With these actions now on the calendar, it seems that the SEC rulemaking floodgates are starting to open, and we should no doubt see quite a bit of activity in the coming months.
In the latest Deep Dive with Dave podcast, I speak with David Hamm from Summit Materials about a podcast he has recently launched, Conversations with GCs.
As we have previously reported, over the past few months companies across a wide range industries have been receiving comments from the Corp Fin Staff that are focused on climate change disclosure. In September, the Staff published a sample comment letter highlighting its comments on climate change disclosure. Now that companies have had a chance to respond to the initial round of comments and the Staff has had time to consider those responses, we are now seeing round 2 of the climate change comment letters.

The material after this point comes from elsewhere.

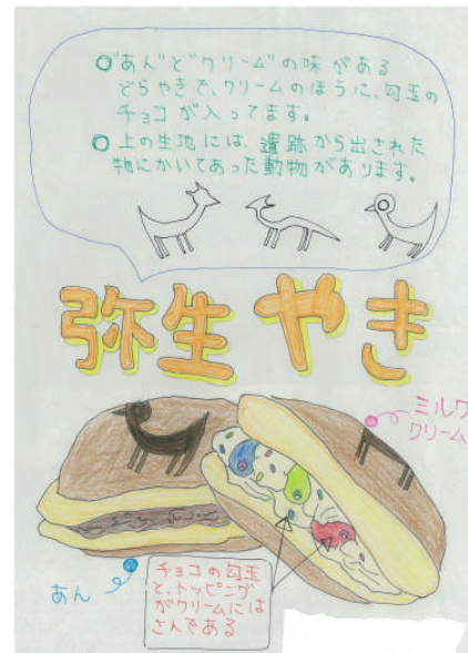
アイデア・青谷町地域活性化委員会賞『弥生やき』

Comments in the first round of letters asked questions focusing on a company’s materiality analysis with respect to information about climate change, harkening back to the SEC’s 2010 climate change disclosure guidance. In round 2, the Staff is generally digging deeper into a company’s materiality analysis, asking for additional details on the company’s determination that disclosure of climate change matters was not material. In some cases, the follow-up comments request more quantitative information from companies in support of the materiality determination. Some companies and practitioners have been surprised by this approach, noting that the Staff has in the past been more deferential to a company’s conclusions as to materiality.
It is obvious from these round 2 comment letters that the Staff is not going to “let it go” when it comes to climate change, and additional work will be necessary to justify for the Staff why climate-related disclosure was not included in the periodic reports that the Staff has reviewed. Areas of focus in the round 2 comments letters appear to be:
More information concerning disclosure decisions with respect to specific transition risks related to climate change that are relevant to a company’s business and operations;
Considerations made in determining whether to disclose the direct and indirect consequences of climate-related regulations or business trends;
The existence (or nonexistence) of material capital expenditures for climate-related purposes, and how that materiality decision was made;
Consideration of the impact of weather-related events on a company’s results of operations and financial condition; and
The quantification of material compliance costs associated with climate change.
We expect that with climate change disclosure rules just around the corner, the Staff has an incentive to continue to press for more information through the comment process. The round 2 comment letters that we have seen appear to be focusing mostly on asking for additional information and analysis, rather than requesting specific disclosures in the future, or seeking amendments to prior periodic reports.